● TASK
Once you find the line with "(비전21뉴스) 군포시는 오는" in the listing below, set down exactly every line from it through the line with "Debug 和 Release", but no pictures.

=== Begin Enclosure ===

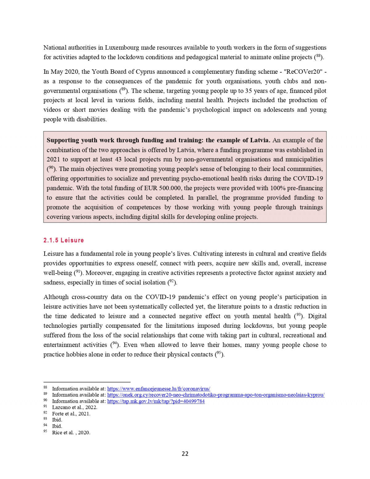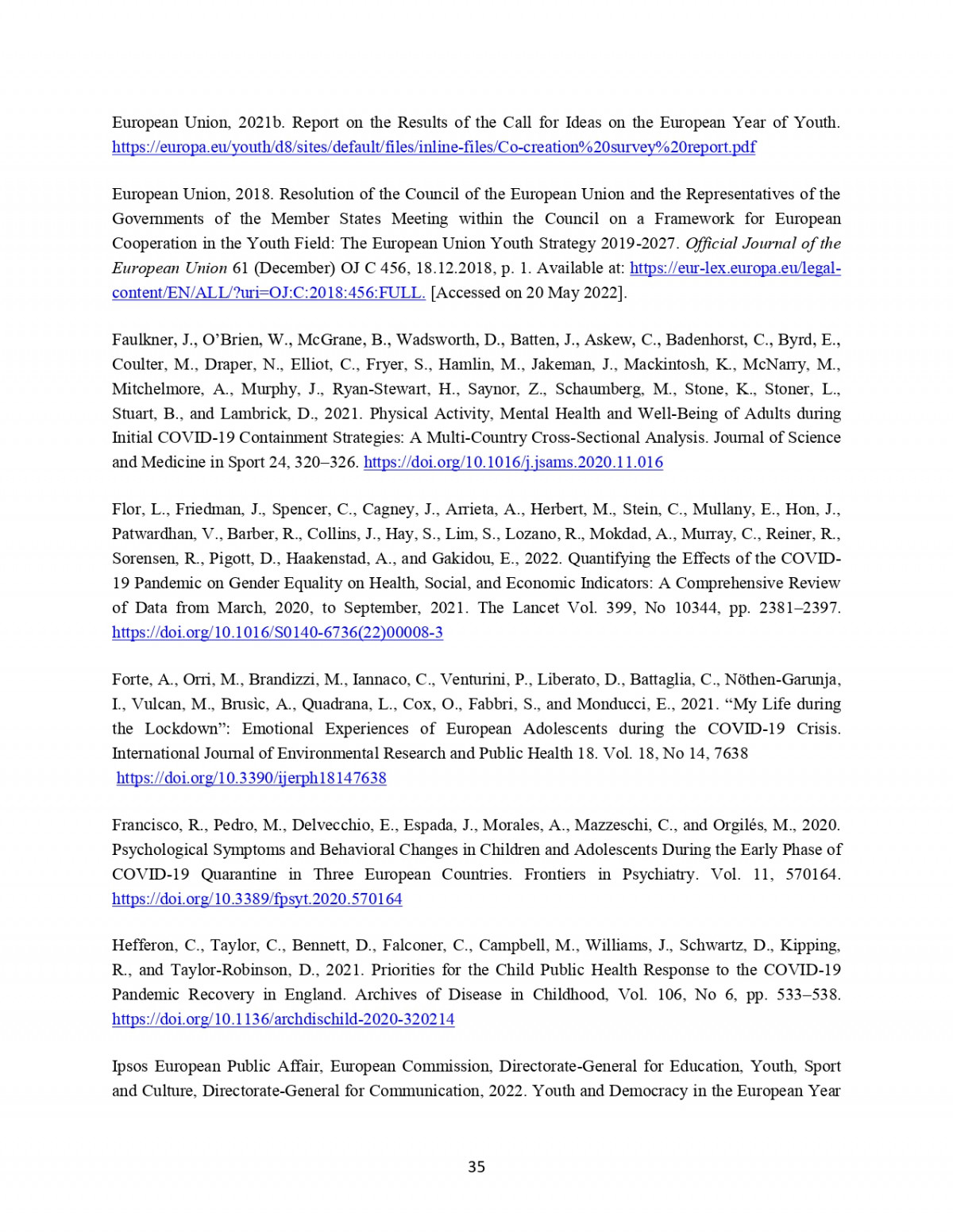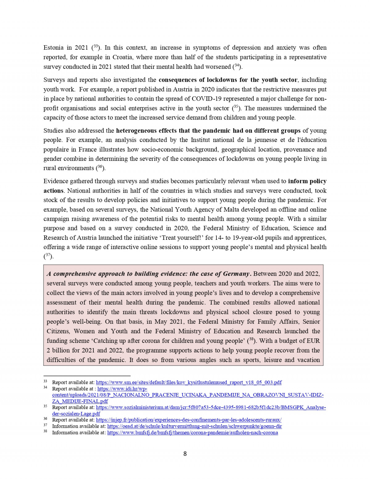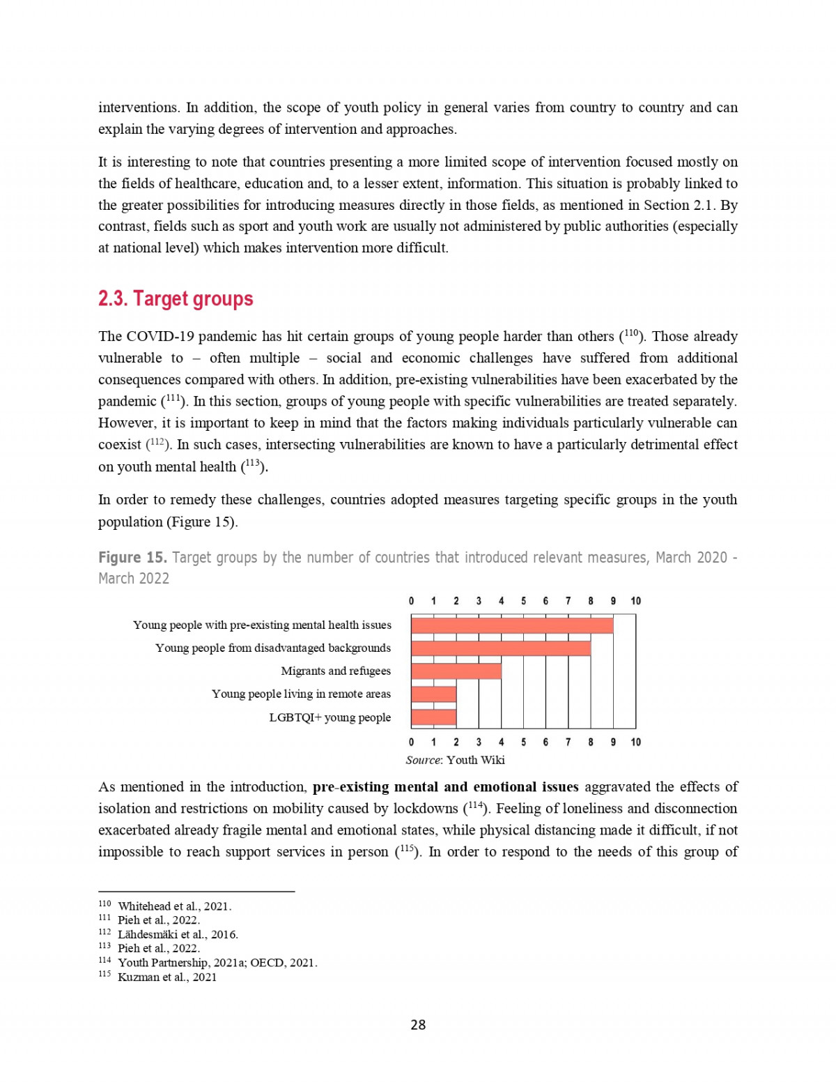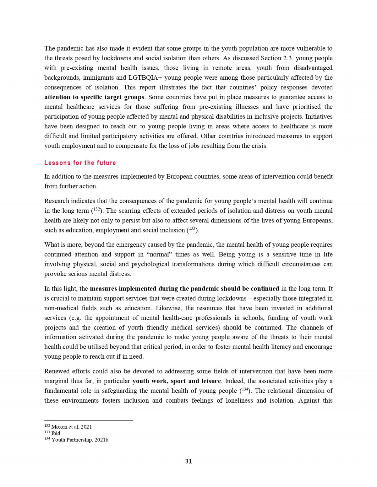 Pe lângă eforturile statelor membre, cum ar fi România, Comisia Europeană a desemnat 2022 drept Anul European al Tineretului în recunoașterea sacrificiilor tinerilor în timpul pandemiei COVID-19. Un sondaj Eurobarometru Flash din 2022 arată tineri din 16 dintre cele 27 de state membre care au în vedere îmbunătățirea sănătății și bunăstării mentale și fizice ca cea mai importantă prioritate pentru Anul European al Tineretului.
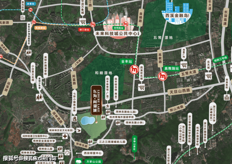 东海·闲湖城北面直线距离约3.5公里处,就是正在建设的绿汀路TOD,上盖的华润万象城正在热火朝天的建设当中;边上就是即将开建的未来科技城公共中心,共同组成了未来科技城的又一个引擎。此外,杭州西站已经通车,约399米的杭州第一高楼正在向天空生长;浙一医院一期已经开业,二期还将增加2000床位……
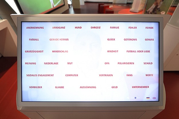 Zwei Touchscreens laden in der Ausstellung „Mensch, Uli – Ein Leben für den FC Bayern“ ein, kurze, gefilmte Statements von Uli Hoeneß zu bestimmten Stichworten zu hören und zu sehen.
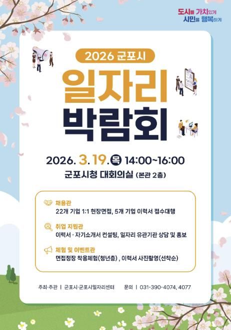 (비전21뉴스) 군포시는 오는 3월 19일 오후 2시부터 시청 대회의실에서 ‘2026년 군포시 일자리 박람회’를 개최한다. 이번 박람회는 지역 내 우수 기업과 구직자가 직접 만나는 채용의 장으로 제조, 서비스, 물류배송, 의료복지 등 다양한 분야에서 폭넓은 취업 기회를 제공할 예정이다.
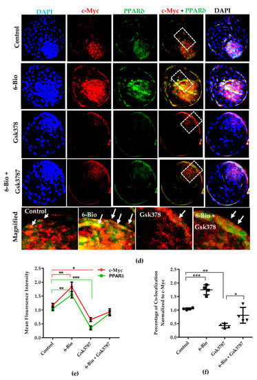 Different cancerous and developmental studies reported the cross-talk between Wnt/β-catenin pathway and the nuclear hormone receptor PPARs family [19,43]. PPARδ has been observed to regulate the BL development and implantation process in the mice uterus in response to Cox2 activation [44]. Here, we also observed that 6-Bio treatment remarkably increased the Cox2 expression (Figure 2). This result provided a link between PPARδ expression and Wnt signaling during bovine BL development. We demonstrated that activation of Wnt/β-catenin pathway by 6-Bio results in significant induction of PPARδ expression among the other PPAR family members (PPARα, PPARγ) (Figure 3A–D). These results affirmed the importance of Wnt induced PPARδ expression for the regulation of bovine BL development. Furthermore, we showed that PPARδ works in conjunction with Wnt activation to enhance the cell proliferation activity via stabilizing the strong co-localization with direct Wnt target gene c-Myc (Figure 4D), whereas its inhibition with GSK3787 decreased cell proliferation ratio. These results highlighted the necessity of PPARδ expression during Wnt activation and suggests that decreased cell proliferation activity interfere with the development of embryos to reach to the BL stage.
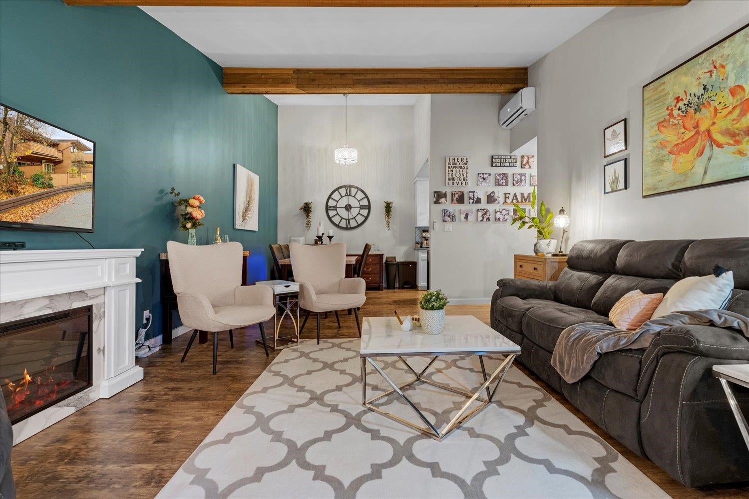 Move-in ready TOP FLOOR 2 bed, 2 bath condo with EXTENSIVE PROFESSIONAL UPDATES throughout. This bright & spacious home offers vaulted ceilings, a renovated kitchen with quartz countertops & stainless steel appliances, updated spa like bathrooms, and a BUILT IN AIR CONDITIONING UNIT system for year-round comfort. The primary bedroom features MOUNT CHEAM VIEWS with a 2-piece ensuite, while the second bedroom is ideal for guests or a home office. Step onto your private balcony overlooking the peaceful STRATA GREENSPACE for gardening & great for pets! Conveniently located close to parks, shopping, and transit. A great opportunity for first-time buyers looking for a stylish, low-maintenance home in a fantastic location. This one is a MUST VIEW TODAY!
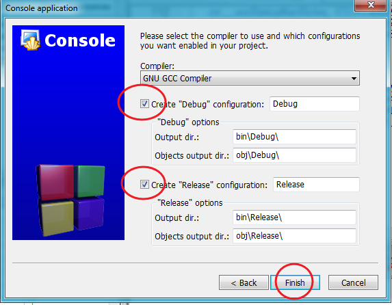 Debug 和 Release 都选上,选任意一个也行。编译器也是在这里选择的,这里显示的是默认设置的。点击完成。
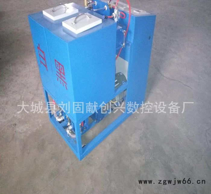 低压全自动发泡机 一、用途 GZ(Y)系列低压发泡机,是聚氨酯塑料灌注发泡的专用设备。本机设有AB两组加热器,两料罐可装200公斤料液,利用AB料泵自动上料。 二、本机采用V、H系列高精度计量泵定量输送A、B料液,具有无脉冲,连续送料,能够进行无极调节的特点,计量**调节方便。 三、本机采用三项连动:三项火线,不用零线,连动及黑白料和气体阀连动。 低压喷涂机结构原理: 本机设有左、右两支藏料箱各为28公斤独立料箱。两种不通的液料,各自从这两支料箱中分别进入两台环形活塞计量泵,启动电机,通过齿轮变速箱同时带动两台计量泵运转,两种液料各自按预先单组调好的配比同时输送到喷头。并由进入喷头内的压缩空气,混合后的液料随着压缩空气从喷头的喷嘴中喷射到件上,从而完成喷涂发泡现场施工
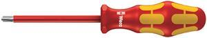 Wera VDE screwdrivers with multi-component Kraftform Plus handle for fast and low-fatigue working: hard gripping zones for high working speeds whereas soft zones ensure high torque transfer. Combination profile - slotted and Phillips particularly for jobs on terminal blocks, fuse boxes, switches and relays. Individually tested in water bath at 10,000 volts for secure work at the permissible voltage of 1,000 volts. The hexagonal anti-roll feature prevents any bothersome rolling away at the workplace.

=== End Enclosure ===

● SOLUTION TO THE EXERCISE
 (비전21뉴스) 군포시는 오는 3월 19일 오후 2시부터 시청 대회의실에서 ‘2026년 군포시 일자리 박람회’를 개최한다. 이번 박람회는 지역 내 우수 기업과 구직자가 직접 만나는 채용의 장으로 제조, 서비스, 물류배송, 의료복지 등 다양한 분야에서 폭넓은 취업 기회를 제공할 예정이다.
 Different cancerous and developmental studies reported the cross-talk between Wnt/β-catenin pathway and the nuclear hormone receptor PPARs family [19,43]. PPARδ has been observed to regulate the BL development and implantation process in the mice uterus in response to Cox2 activation [44]. Here, we also observed that 6-Bio treatment remarkably increased the Cox2 expression (Figure 2). This result provided a link between PPARδ expression and Wnt signaling during bovine BL development. We demonstrated that activation of Wnt/β-catenin pathway by 6-Bio results in significant induction of PPARδ expression among the other PPAR family members (PPARα, PPARγ) (Figure 3A–D). These results affirmed the importance of Wnt induced PPARδ expression for the regulation of bovine BL development. Furthermore, we showed that PPARδ works in conjunction with Wnt activation to enhance the cell proliferation activity via stabilizing the strong co-localization with direct Wnt target gene c-Myc (Figure 4D), whereas its inhibition with GSK3787 decreased cell proliferation ratio. These results highlighted the necessity of PPARδ expression during Wnt activation and suggests that decreased cell proliferation activity interfere with the development of embryos to reach to the BL stage.
 Move-in ready TOP FLOOR 2 bed, 2 bath condo with EXTENSIVE PROFESSIONAL UPDATES throughout. This bright & spacious home offers vaulted ceilings, a renovated kitchen with quartz countertops & stainless steel appliances, updated spa like bathrooms, and a BUILT IN AIR CONDITIONING UNIT system for year-round comfort. The primary bedroom features MOUNT CHEAM VIEWS with a 2-piece ensuite, while the second bedroom is ideal for guests or a home office. Step onto your private balcony overlooking the peaceful STRATA GREENSPACE for gardening & great for pets! Conveniently located close to parks, shopping, and transit. A great opportunity for first-time buyers looking for a stylish, low-maintenance home in a fantastic location. This one is a MUST VIEW TODAY!
 Debug 和 Release 都选上,选任意一个也行。编译器也是在这里选择的,这里显示的是默认设置的。点击完成。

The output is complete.